Dont need advice about brands, just types, I understand that with a recurve I will need gloves and with a compound I will need a release aid, and with both effective hunting range will be a max of about 40 metres to reduce chance of just wounding an animal, so will a recurve cut it-as it's about half the cost of a compound, or does the compound really make for a much better tool?
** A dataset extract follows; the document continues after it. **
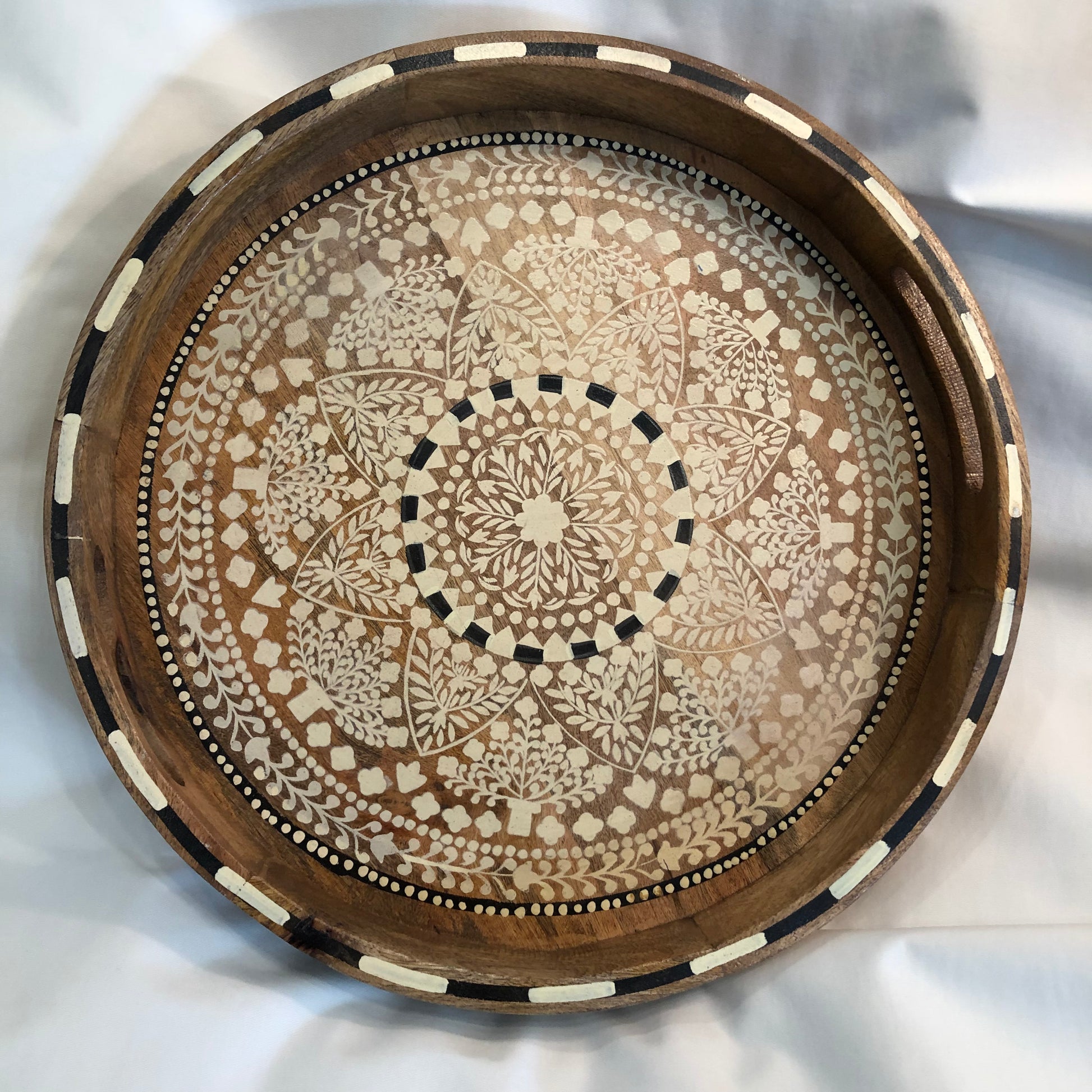 Beautifully decorated mandala design on Mango wood. Cut out handles make serving easy.

Please tell me what you went with and why.

Shelley

----------


## Matt2308

Plenty of hunters kill animals successfully with a recurve bow, but consistent accuracy and the added energy that the mechanical advantage of the compound bow brings, makes it a far more reliable hunting tool.
From the recurve hunters that I've seen practicing at clubs, few can consistently place an arrow within a deers kill zone at 40 yards and 25-30 yards would be a more realistic range with a well practiced recurve archer.
The compound bow is a much more accurate and effective tool for most archers to hunt with.

----------


## Dundee

Hi Shelley,
             Possum trapper got his first goat with a recurve bow. :Have A Nice Day: 
http://www.nzhuntingandshooting.co.n...t-goats-11597/

----------


## Friwi

Hi Shelley,
First, are you a boy or a girl?
Not that women can not hunt with a recurved bow but it is a bit harder to draw and requires a lot more training to be efficient at killing big game.

The compound bow throw the arrows faster ( at equal draw weight) and is usually quicker to " master".
The recurved bow requires a lot more training to be efficient .
And then there is the feel that both type of bows can provide:
A bit like riding a fast modern sports bike or cruising on an old BSA.
I think you should go to an archery shop ( advance archery in Auckland or. Archery direct in Hamilton for exemple) or a local archery club and have a bit of a shoot with both type of bows.
Good luck

Friwi

----------


## Twoshotkill

Talk to Simon at advanced archery in Auckland there is not much he doesn't know about bow hunting.

----------